Tuesday, July 28, 2015

Before Adam (2002)

Book Review from the July 2002 issue of the Socialist Standard

'Before Adam' by Jack London, University of Nebraska Press. $12

Jack London's tale of prehistoric men (sic) has recently been reissued after many years of out-of-printness. Like most of his books it is a “good yarn” in Boys Own style. However it is also of interest since London has been claimed as a socialist.

Much of the commentary accompanying the novel revolves around the ways in which London got it wrong or right about the behaviour of prehistoric people. But conformity to the facts has never been a requirement for a novel about prehistory. As William Golding of The Inheritors discovered half a century later, the prehistoric tale is an open field for a bit of agit-prop about human nature. We know what Golding was up to but we might view London in a different light due to his ostensible Left sympathies.
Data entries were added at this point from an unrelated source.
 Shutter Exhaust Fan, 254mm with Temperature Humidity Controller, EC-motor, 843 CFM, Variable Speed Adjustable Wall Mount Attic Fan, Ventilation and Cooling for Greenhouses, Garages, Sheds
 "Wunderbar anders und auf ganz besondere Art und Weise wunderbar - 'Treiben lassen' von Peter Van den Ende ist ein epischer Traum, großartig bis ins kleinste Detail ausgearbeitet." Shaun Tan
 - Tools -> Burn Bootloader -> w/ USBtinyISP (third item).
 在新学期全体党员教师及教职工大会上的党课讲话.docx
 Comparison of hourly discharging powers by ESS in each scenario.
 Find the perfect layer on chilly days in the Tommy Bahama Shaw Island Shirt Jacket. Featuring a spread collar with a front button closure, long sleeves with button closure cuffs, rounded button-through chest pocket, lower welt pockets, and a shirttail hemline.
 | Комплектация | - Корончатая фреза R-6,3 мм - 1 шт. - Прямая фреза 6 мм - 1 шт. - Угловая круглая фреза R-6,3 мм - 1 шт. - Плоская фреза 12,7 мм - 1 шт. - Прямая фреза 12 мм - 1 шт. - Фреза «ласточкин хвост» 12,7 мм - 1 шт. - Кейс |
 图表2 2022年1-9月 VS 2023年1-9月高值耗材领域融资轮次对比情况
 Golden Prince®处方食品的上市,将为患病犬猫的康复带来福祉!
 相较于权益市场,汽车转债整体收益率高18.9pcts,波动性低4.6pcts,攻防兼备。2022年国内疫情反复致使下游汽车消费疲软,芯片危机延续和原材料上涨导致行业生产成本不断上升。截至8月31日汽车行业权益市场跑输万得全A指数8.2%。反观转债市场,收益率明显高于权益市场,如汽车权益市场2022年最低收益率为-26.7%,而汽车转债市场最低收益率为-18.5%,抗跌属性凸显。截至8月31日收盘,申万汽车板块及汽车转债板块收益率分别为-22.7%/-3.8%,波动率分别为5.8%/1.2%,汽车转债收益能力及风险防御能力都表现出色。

However, in essence London practises the old Flinstones technique: his Folk, roughly equivalent to what we would call Australopithecines, are modern men (but stupider) in pre-modern conditions; they are monogamous, patriarchal, blood-thirsty, murderous and genocidal. By relating these qualities in a Hobbesian state of nature setting, London makes them become innate rather than a product of particular economic and social circumstances. The “naturalness” of the genocide which they practise must have had particular resonance in early 20th century America vis-à-vis the extermination of the native “Red Indians” which London himself always thought was the natural outcome of a competition between a ”superior” race and an “inferior” one.

For Golding human nature could only be mitigated by religion. London however reveals his preference: the state. In explaining the Folk's inaction in dealing with a murderer he explains that they “had not yet developed any government to speak of” whereas, in fact, existing stateless societies have a good record of dealing with anti-social behaviour such as murder.

This book, despite its seeming irrelevance, gives a good insight into London's real political views and explains why he can be viewed as an early proto-fascist rather than as a socialist.